Games Workshop (GAW) plunged 9.66% to 537.5p after stating FY pretax profit was unlikely to exceed GBP16m. Its return on capital, a key performance metric, fell to 36% in November 2015, from 38% a year earlier.

Photo-Me (PHTM) surged 9.56% to 163.25p after reporting a 90% rise in sales in Japan as a result of the country's introduction of mandatory photo ID cards. It this continued for the remaining four months of the FY, its results would be materially ahead of market views.

Paysafe (PAYS), up 9.55% to 397.13p, sees its FY revenue and adj. EBITDA beating market views, adding strong Q4 trading had completed an overall transformational year.

Venn Life Sciences (VENN) rose 9.52% to 23p on FY revenue being at least double the 4.9m euros recorded in 2014, thanks to new contracts.
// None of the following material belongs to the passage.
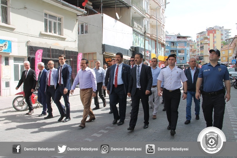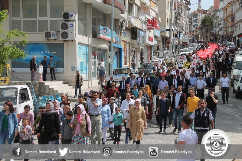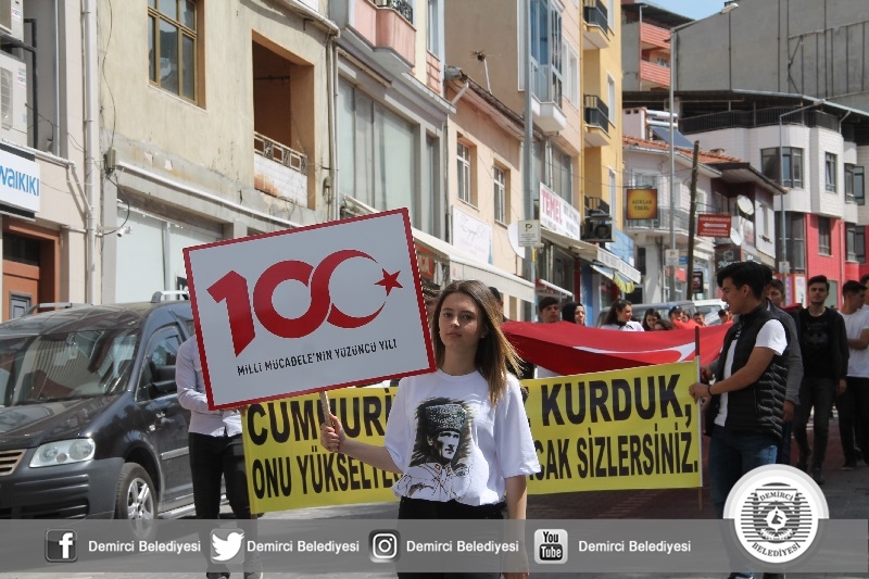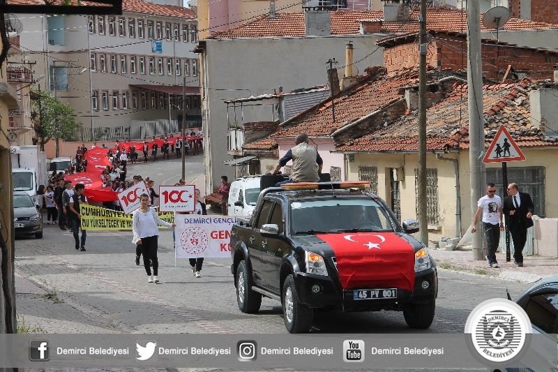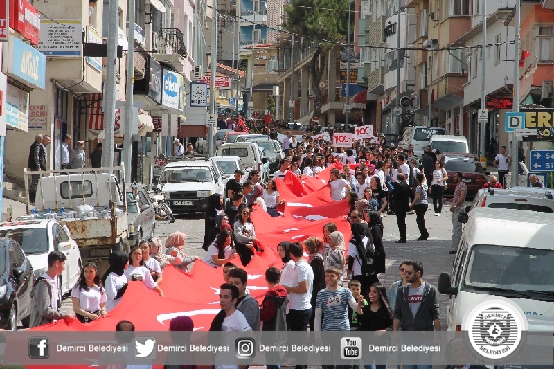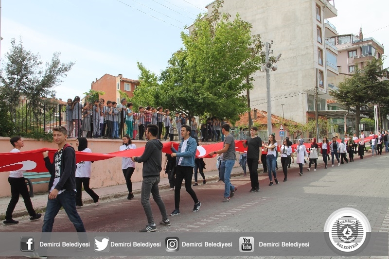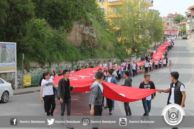 Demirci Anadolu Lisesi öğrencileri okullarının önünden başlayarak Çereşe meydanına kadar dev bayrak ile kortej yürüyüşü yapıldı.

Non-exec chairman David Evans is stepping down. MySale (MYSL), down 8.18% to 40.63p, noted the movement in its share price this morning and said it knew of no reason for this. The company's shares opened at 43p.

Churchill China (CHH) rose 6.42% to 787.5p on a positive FY trading update. Buoyed by a better-than-expected H2, it said 2015 profits would beat current estimates.

Ventura (VEC) advanced 5.64% to 188.15p on completing a clinical trial for VR315, a generic asthma and chronic obstructive pulmonary disease (COPD) treatment. This moved Ventura closer to receiving a multi-million pound milestone payment.

Crawshaw (CRAW) firmed 4.53% to 86.5p on a reassuring update for the 15 weeks to Jan. 3. Total sales grew 64% with margins strengthening. Like-for-like sales rose 0.8%, good going given serious weather disruption in the north of England during the period.

Other stocks in the news included Watchstone (WTG), Weatherly International (WTI), Spire Healthcare (SPI), Turbo Power Systems (TPS), Gama Aviation (GMAA), Acal (ACL), Bowleven (BLVN), Nichols (NICL), Urban&Civic (UANC) and Audioboom (BOOM).